Data : The vertex of angle ABC be located outside a circle and let the sides of the angle intersect equal chords AD and CE with the circle.
To Prove: ∠ABC is equal to half the difference of the angles subtended by the chords AC and DE at the centre.
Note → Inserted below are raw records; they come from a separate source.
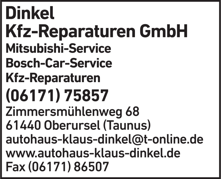 Dinkel Kfz-Reparaturen GmbH Autolackierung 06171 7 58 57 Oberursel (Taunus) Zimmersmühlenweg 68 61440 5 5 4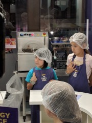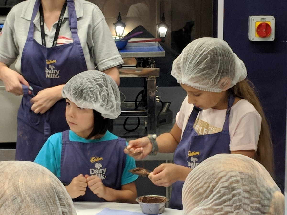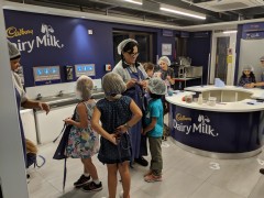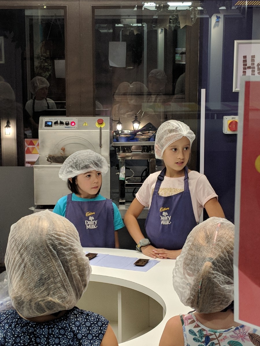 12:25:05 Erika with the police dog. | 13:08:33 After a bit of lunch Erika went to work in the chocolate factory. | 13:08:37 | 13:08:45 |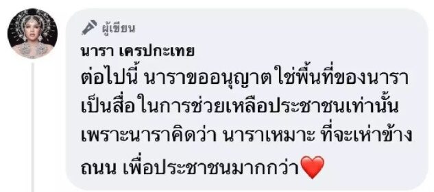 ขณะที่ นารา ก็ได้โพสต์เฟซบุ๊กหลังออกรายการด้วยว่า “ไม่ใช่ที่ของเรา ขอบคุณทุกคนมากนะคะ #เสียใจ ต่อไปนี้ นาราขออนุญาตใช้พื้นที่ของนาราเป็นสื่อในการช่วยเหลือประชาชนเท่านั้น เพราะนาราคิดว่า นาราเหมาะที่จะเห่าข้างถนน เพื่อประชาชนมากกว่า”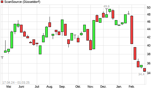 Mit dem Rücksetzer auf 34,80 EUR hat die ScanSource-Aktie (ISIN US8060371072) am 28.02.2025 ein neues 12-Monats-Tief erreicht und damit den Kurs vom 25.02.2025 eingestellt.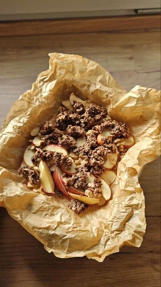 Granolový koláč 🥧🍎 🔍Na 2 porce potřebujete 🥣 50 g ovesné vločky 🌾 150 g jablka 🍏 Kakao 1 čl 🍫 Banán 45 g 🍌 Čekankový sirup @vilgain Po vychladnutí tvaroh nebo ricottu, skořici, perníkové koření Postup vidíte ve videu, pekla jsem na 170 °C asi 18 minut, ale každému peče jinak, tak prostě jablka budou napůl měkká a granola na povrchu křupavá... 👩🍳⏱️ Podávejte s tvarohem, ricottou nebo jogurtem smíchaným s proteinem 🥛🍦#kalorickydeficit #laskakjidlu #zmenazivotnihostylu #mysletjinak #kvalitnijidlo #krasnetelo #drobenkovykolac #vlocky #jablkovykolac #podzim🍁 #sacharidy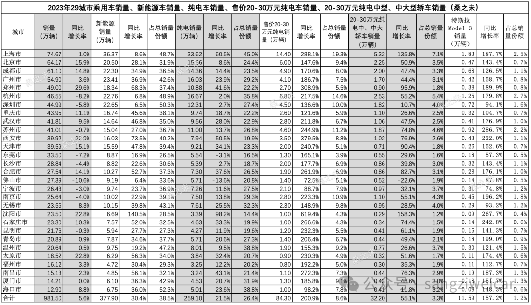 小米SU7首批网络覆盖29个城市2023年汽车销量为982万辆,占乘用车市场份额的45%,其中新能源销量近400万辆,占新能源整体销量的42%;纯电车型销量为259万辆,占纯电车型整体销量的53%;特斯拉Model 3在这29个城市的销量为11.6万辆。小米SU7在这29个城市潜在销量规模可以参考特斯拉Model 3在这些城市的销量。
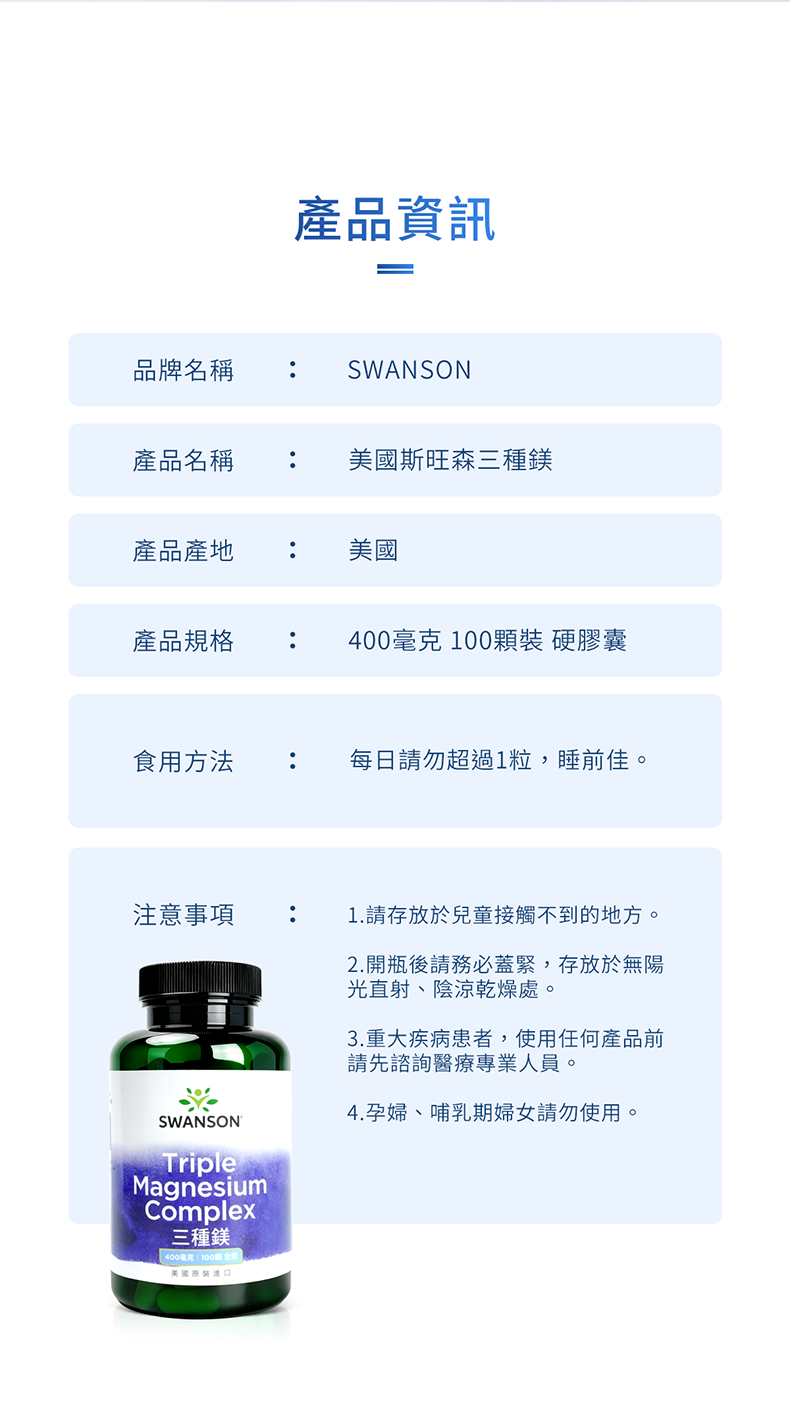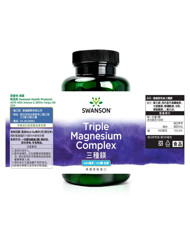 三種鎂 400毫克 100顆裝 素食硬膠囊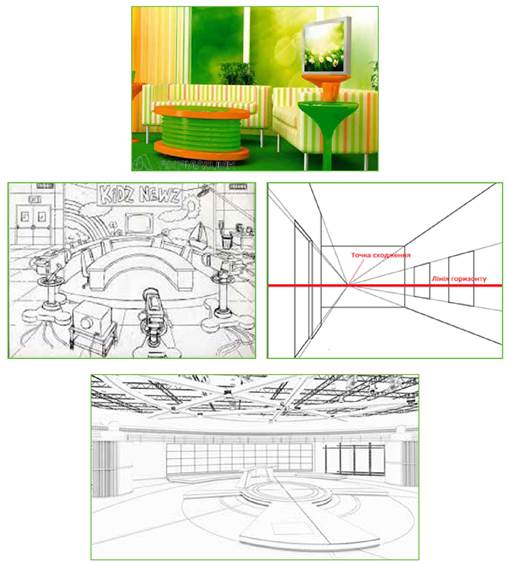 Спробуйте власні сили у ролі дизайнера/дизайнерки на телебаченні. Намалюйте інтер’єр шкільної телестудії. Як вона повинна виглядати, щоб буди бути цікавою та сучасною? Під час малювання інтер’єру, не забувайте про перспективу (лінію горизонту та точки сходу).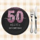 Prato De Papel Hello 50! -50th Women's Birthday with Pink glitter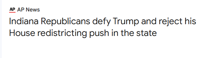 “Indiana lawmakers defy Trump’s redistricting push,” headlined The New York Times.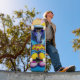 A cool blue elephant with hoodie wearing pink glasses on colourful background design.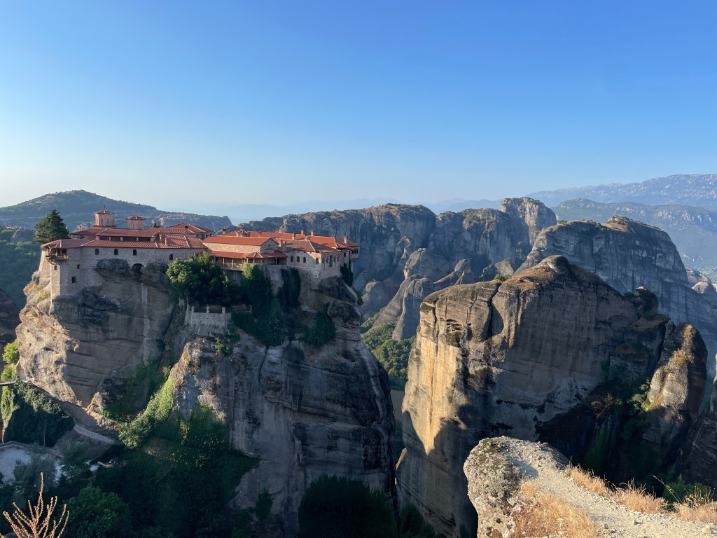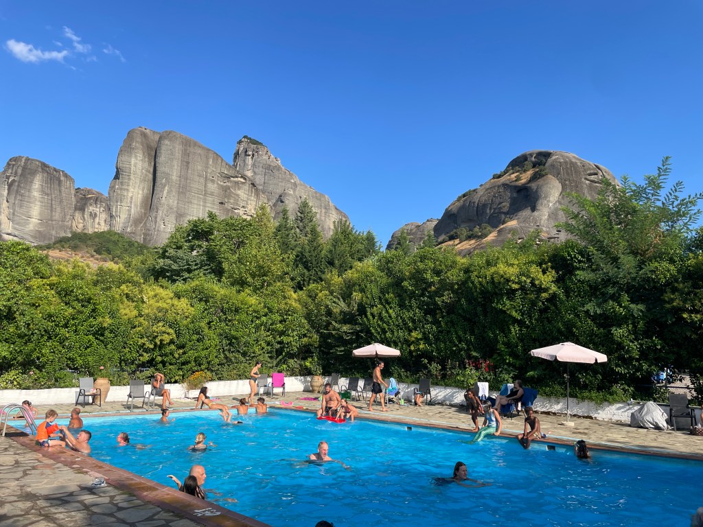 V KALABAKI ni dovoljeno nikjer prenočevati, zato smo šli v kamp. Res lušten kamp z bazenom in pogledom na mogočne Meteore. Tam smo srečali še drugo prijazno bivšo sodelavko. Zopet smo preživeli čudovit večer, naslednji dan smo se pa odpravili na ogled Meteor. Lahko si ogledate več samostanov, mi smo se odločili za enega. Parkirali smo na 39.7267 21.6280, smo imeli srečo, da smo dobili prostor, smo pa odšli kar zgodaj zjutraj. Tam smo najprej pojedli zajtrk, potem se pa odpravili na ogled samostana. Na vrsto smo čakali eni uro, na soncu, ampak okej, če smo že tukaj, pač to paše zraven. Ženske moramo imeti dolgo krilo in pokrita ramena. Samostan pa….zanimivo. Vidiš enkrat, ne rabiš videt spet 🙂

OR
∠ABC= \(\frac{1}{2}\)[∠DOE – ∠AOC].
Construction: OA, OC, OE, OD are joined.
Proof: In ∆AOD and ∆COE,
OA = OC,
OD = OE radii of same circle.
AD = CE (Data)
∴ ∆AOD ≅ ∆COE (SSS Postulate)
∠OAD = ∠OCE ……….. (i)
∴∠ODA = ∠OEC …………. (ii)
OA = OD
∴ ∠OAD = ∠ODA …………. (iii)
From (i) and (ii),
∠OAD = ∠OCE = ∠ODA
= ∠OEC = x°.
In ∆ODE,
OD = OE
∠ODE = ∠OED = y°.
ADEC is a cyclic quadrilateral.
∴ ∠CAD + ∠DEC = 180°
x + a + x + y = 180
2x + a + y = 180
y = 180 – 2x – a ……….. (iv)
But, ∠DOE = 180 – 2y